EXERCISE PROMPT →
If a record contains a picture, drop the picture and copy everything else exactly.

DATASET CONTENT →

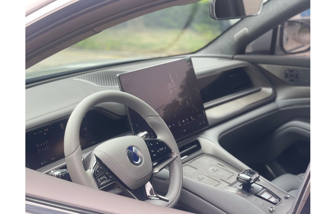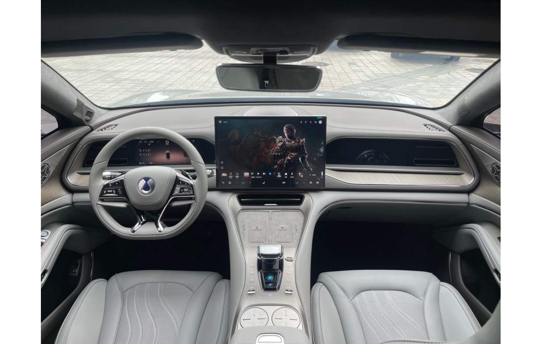 Інтер’єр автомобіля Denza N7 вирізняється простором, технологічністю та преміальним комфортом. Салон оформлений із використанням високоякісних матеріалів, включаючи м’яку шкіру, декоративні вставки та атмосферне підсвічування, що створює затишну і сучасну атмосферу. Центральне місце займає великий панорамний дисплей із розширеним мультимедійним функціоналом, а також цифрова панель приладів для водія. Ергономічні сидіння з електричними регулюваннями, вентиляцією та масажем забезпечують максимальний комфорт у тривалих поїздках. Завдяки продуманому простору для всіх пасажирів, Denza N7 ідеально підходить як для щоденних поїздок, так і для далеких подорожей у повному складі.
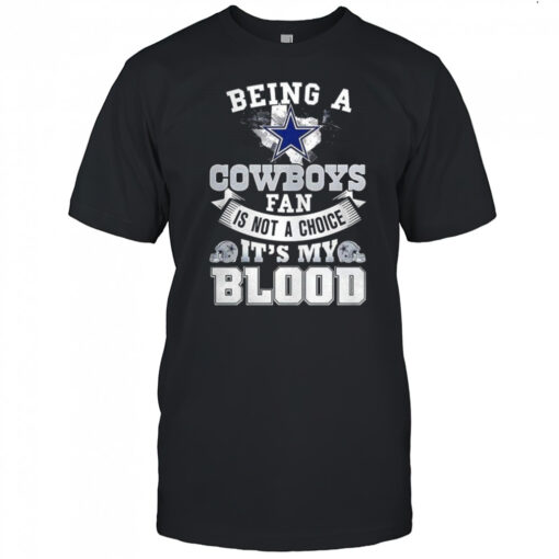 Dallas Cowboy football being a Cowboys fan is not a choice it’s my blood Star logo shirt, hoodie, sweater, longsleeve and ladies t-shirt
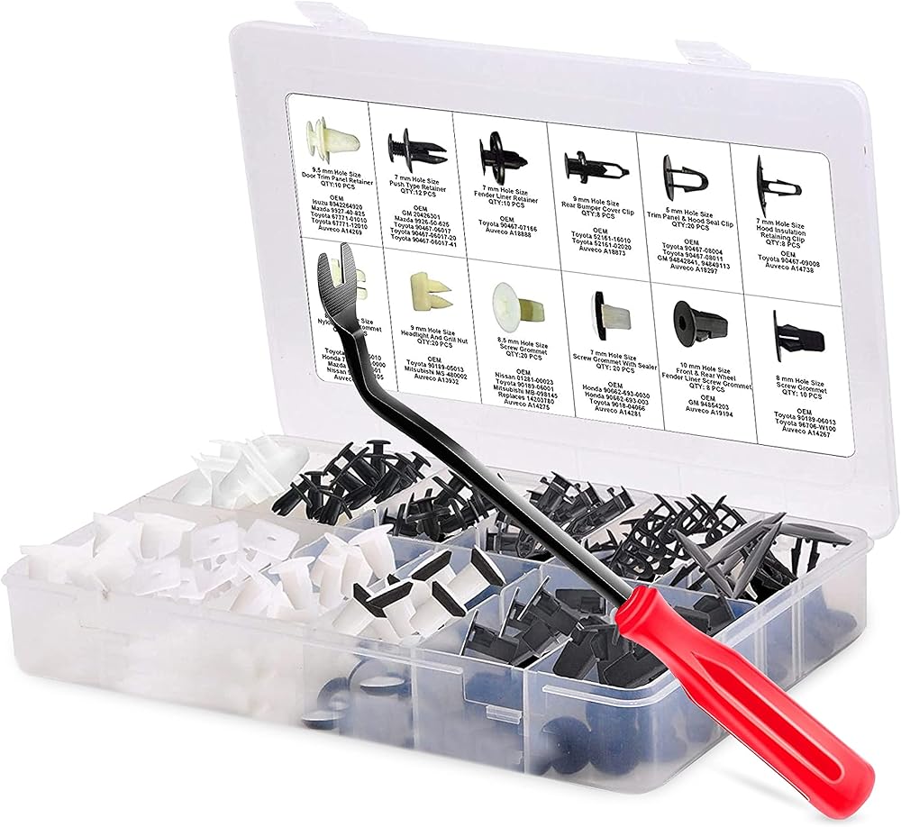 مجموعة صندوق مشابك تثبيت Toyota من 166 قطعة من AFA من مجموعة الأدوات من 166 قطعة مع معظم المقاسات والتطبيقات الشائعة. مصنوع من النايلون المتين للغاية ولن ينكسر على الفور مثل العلامات التجارية الأخرى. رائعة للاستخدامات الأكثر شعبية مثل: حافة الباب، الحامل، غطاء الرأس والممتص للصدمات من أجل تويوتا، ليكسوس، مازدا والعلامات التجارية الأخرى. يغطي مقاسات ثقب 5 مم إلى 10 مم والعديد من البراغي لاستبدال OEM الدقيق للمثبات القديمة أو البالية أو المكسورة. 12 مساحة تخزين سهلة القراءة مع قوائم كاملة لأحجام القطع والكمية. يحتوي المنتج على مزيل تثبيت متين من أجل إزالة آمنة للمشابك المعدنية أو البلاستيكية. نضمن لك رضاك عن المنتج بنسبة 100%. القائمة الكاملة:
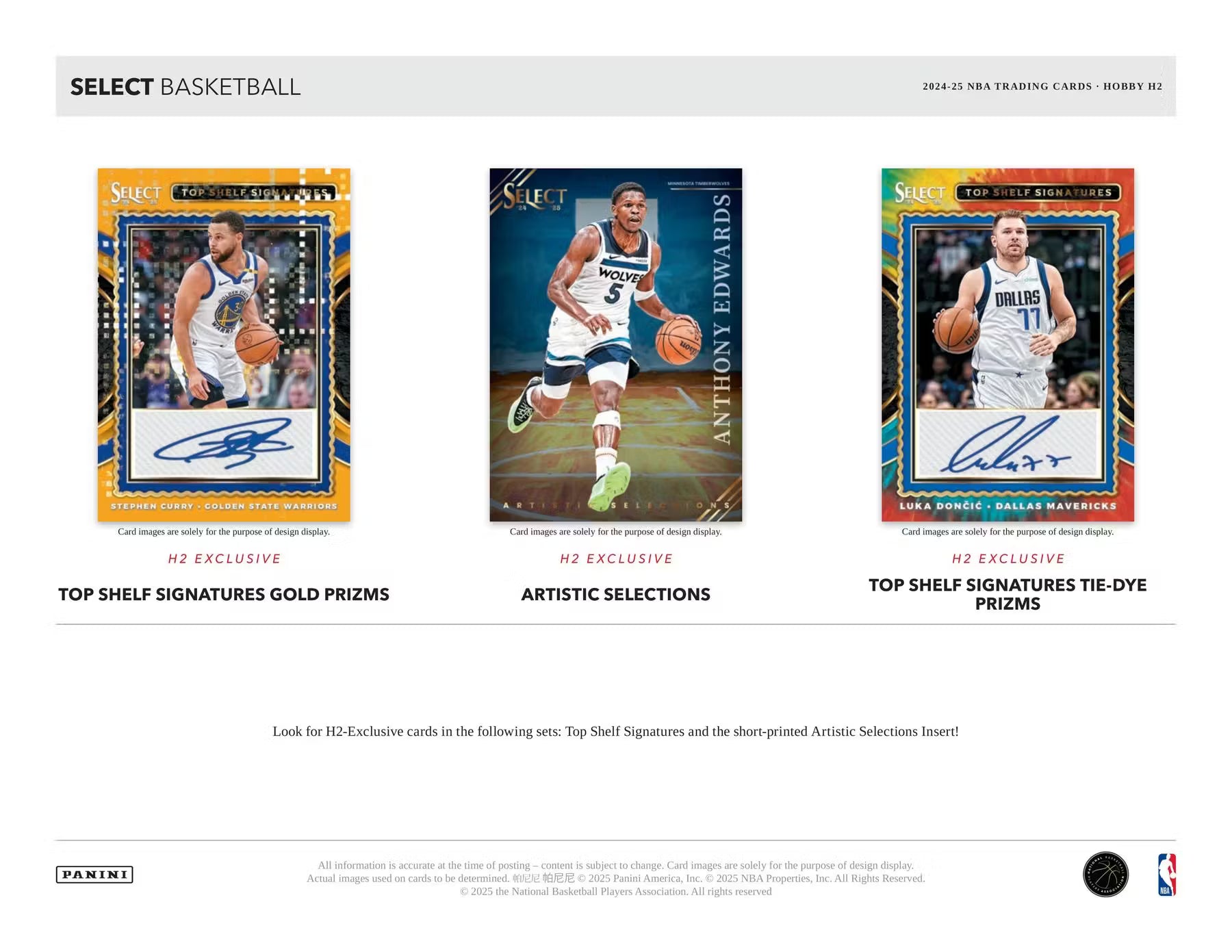 - Look for H2-Exclusive cards in the following sets: Top Shelf Signatures and the short-printed Artistic Selections Insert!
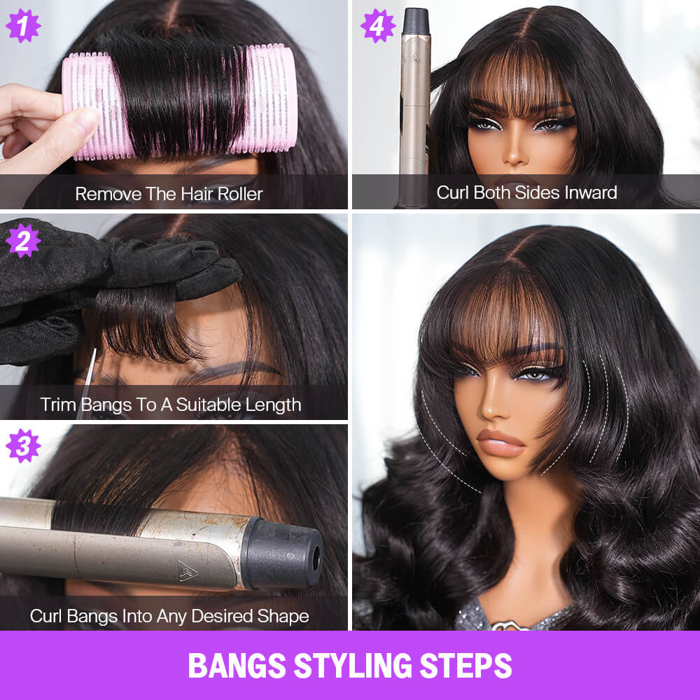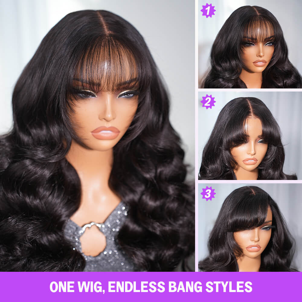 Megalook 5x5 Invisible Knots With Curtain Bang Loose Wave Natural Black Wig Pre-Cut Lace Beginner Friendly
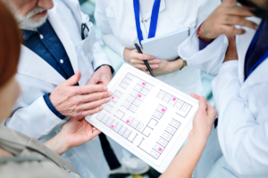 La enfermera localiza fácilmente al paciente y le ofrece asistencia.
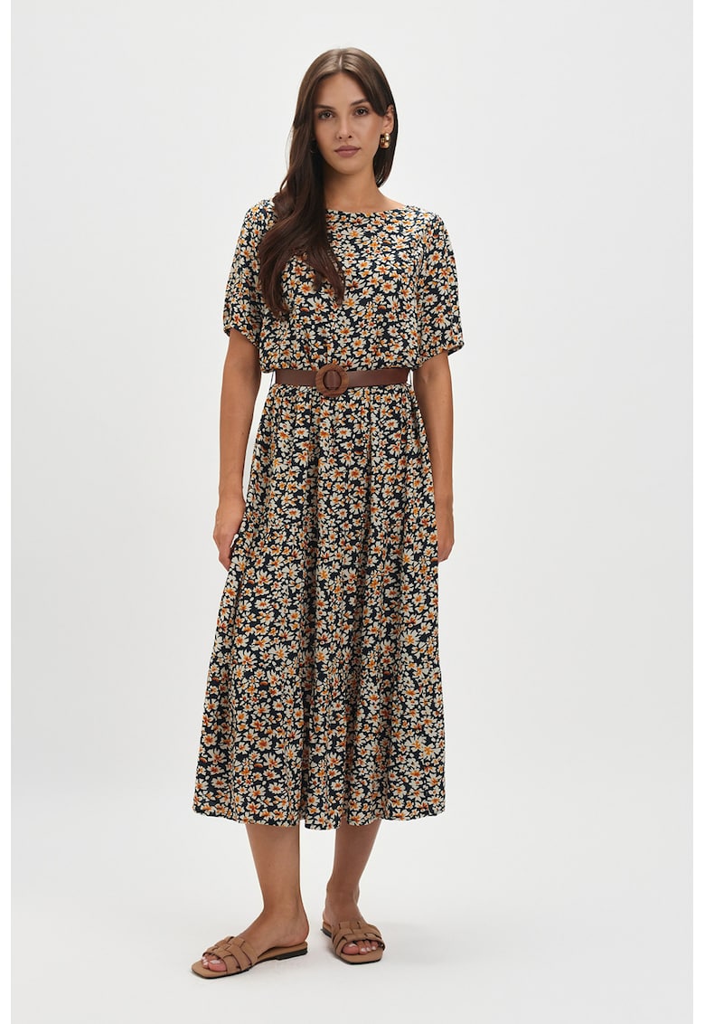 - portocaliu deschis Stil: casual Material: viscoza Imprimeu: floral Croiala: lejer Lungime: midi Decolteu: barcuta Lungime maneca: maneca medie Sistem inchidere: fara inchidere Compozitie Exterior: 100% viscoza

TASK SOLUTION →
 Інтер’єр автомобіля Denza N7 вирізняється простором, технологічністю та преміальним комфортом. Салон оформлений із використанням високоякісних матеріалів, включаючи м’яку шкіру, декоративні вставки та атмосферне підсвічування, що створює затишну і сучасну атмосферу. Центральне місце займає великий панорамний дисплей із розширеним мультимедійним функціоналом, а також цифрова панель приладів для водія. Ергономічні сидіння з електричними регулюваннями, вентиляцією та масажем забезпечують максимальний комфорт у тривалих поїздках. Завдяки продуманому простору для всіх пасажирів, Denza N7 ідеально підходить як для щоденних поїздок, так і для далеких подорожей у повному складі.
 Dallas Cowboy football being a Cowboys fan is not a choice it’s my blood Star logo shirt, hoodie, sweater, longsleeve and ladies t-shirt
 مجموعة صندوق مشابك تثبيت Toyota من 166 قطعة من AFA من مجموعة الأدوات من 166 قطعة مع معظم المقاسات والتطبيقات الشائعة. مصنوع من النايلون المتين للغاية ولن ينكسر على الفور مثل العلامات التجارية الأخرى. رائعة للاستخدامات الأكثر شعبية مثل: حافة الباب، الحامل، غطاء الرأس والممتص للصدمات من أجل تويوتا، ليكسوس، مازدا والعلامات التجارية الأخرى. يغطي مقاسات ثقب 5 مم إلى 10 مم والعديد من البراغي لاستبدال OEM الدقيق للمثبات القديمة أو البالية أو المكسورة. 12 مساحة تخزين سهلة القراءة مع قوائم كاملة لأحجام القطع والكمية. يحتوي المنتج على مزيل تثبيت متين من أجل إزالة آمنة للمشابك المعدنية أو البلاستيكية. نضمن لك رضاك عن المنتج بنسبة 100%. القائمة الكاملة:
 - Look for H2-Exclusive cards in the following sets: Top Shelf Signatures and the short-printed Artistic Selections Insert!
 Megalook 5x5 Invisible Knots With Curtain Bang Loose Wave Natural Black Wig Pre-Cut Lace Beginner Friendly
 La enfermera localiza fácilmente al paciente y le ofrece asistencia.
 - portocaliu deschis Stil: casual Material: viscoza Imprimeu: floral Croiala: lejer Lungime: midi Decolteu: barcuta Lungime maneca: maneca medie Sistem inchidere: fara inchidere Compozitie Exterior: 100% viscoza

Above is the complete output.